Only the lines from the one with "Splat, Height &" through the final line below belong in the answer, copied exactly and without pictures.

[Data items]
------------

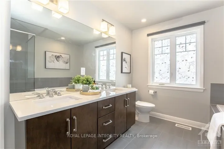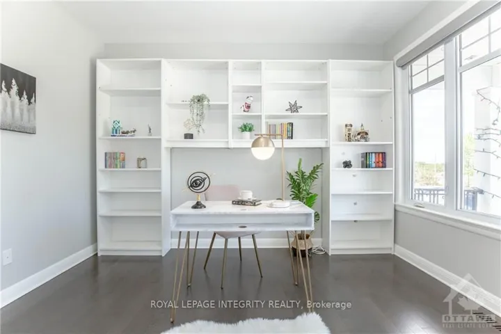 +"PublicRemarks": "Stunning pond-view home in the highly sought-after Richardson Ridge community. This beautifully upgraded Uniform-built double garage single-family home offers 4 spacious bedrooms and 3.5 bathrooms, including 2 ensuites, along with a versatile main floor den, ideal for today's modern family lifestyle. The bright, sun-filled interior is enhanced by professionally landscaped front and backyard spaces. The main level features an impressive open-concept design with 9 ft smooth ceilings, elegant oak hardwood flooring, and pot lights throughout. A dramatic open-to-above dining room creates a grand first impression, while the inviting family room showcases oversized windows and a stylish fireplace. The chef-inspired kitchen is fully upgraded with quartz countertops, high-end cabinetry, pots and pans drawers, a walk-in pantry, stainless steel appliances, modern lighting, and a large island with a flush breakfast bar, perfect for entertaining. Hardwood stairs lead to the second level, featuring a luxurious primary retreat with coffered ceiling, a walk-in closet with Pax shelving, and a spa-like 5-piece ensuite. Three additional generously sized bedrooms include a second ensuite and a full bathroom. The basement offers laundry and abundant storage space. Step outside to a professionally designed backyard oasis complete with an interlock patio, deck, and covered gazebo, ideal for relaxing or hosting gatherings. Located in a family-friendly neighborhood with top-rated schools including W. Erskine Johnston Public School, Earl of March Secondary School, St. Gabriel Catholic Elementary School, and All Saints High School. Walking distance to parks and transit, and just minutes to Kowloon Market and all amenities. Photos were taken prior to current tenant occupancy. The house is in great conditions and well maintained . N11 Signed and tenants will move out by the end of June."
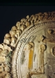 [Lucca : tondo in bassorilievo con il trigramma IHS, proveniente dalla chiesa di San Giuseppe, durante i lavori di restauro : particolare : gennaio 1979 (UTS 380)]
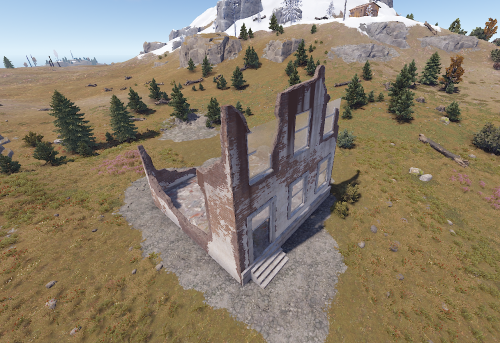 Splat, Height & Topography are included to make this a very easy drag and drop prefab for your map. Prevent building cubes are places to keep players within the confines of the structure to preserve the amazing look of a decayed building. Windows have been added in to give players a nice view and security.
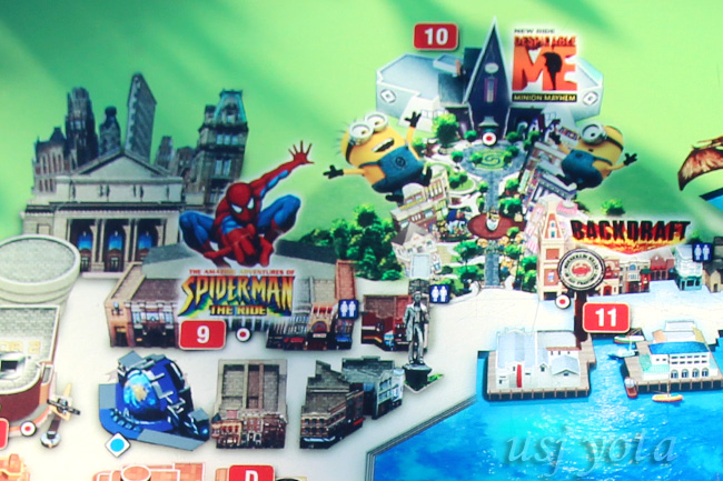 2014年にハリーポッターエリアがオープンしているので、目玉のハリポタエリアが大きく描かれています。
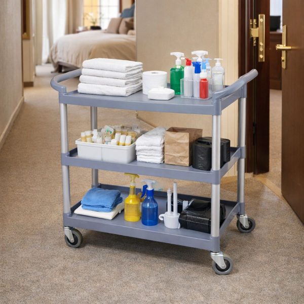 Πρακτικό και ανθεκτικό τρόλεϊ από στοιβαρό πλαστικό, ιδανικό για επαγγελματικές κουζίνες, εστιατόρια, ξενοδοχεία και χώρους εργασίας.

------------

> _Response to this task_
 Splat, Height & Topography are included to make this a very easy drag and drop prefab for your map. Prevent building cubes are places to keep players within the confines of the structure to preserve the amazing look of a decayed building. Windows have been added in to give players a nice view and security.
 2014年にハリーポッターエリアがオープンしているので、目玉のハリポタエリアが大きく描かれています。
 Πρακτικό και ανθεκτικό τρόλεϊ από στοιβαρό πλαστικό, ιδανικό για επαγγελματικές κουζίνες, εστιατόρια, ξενοδοχεία και χώρους εργασίας.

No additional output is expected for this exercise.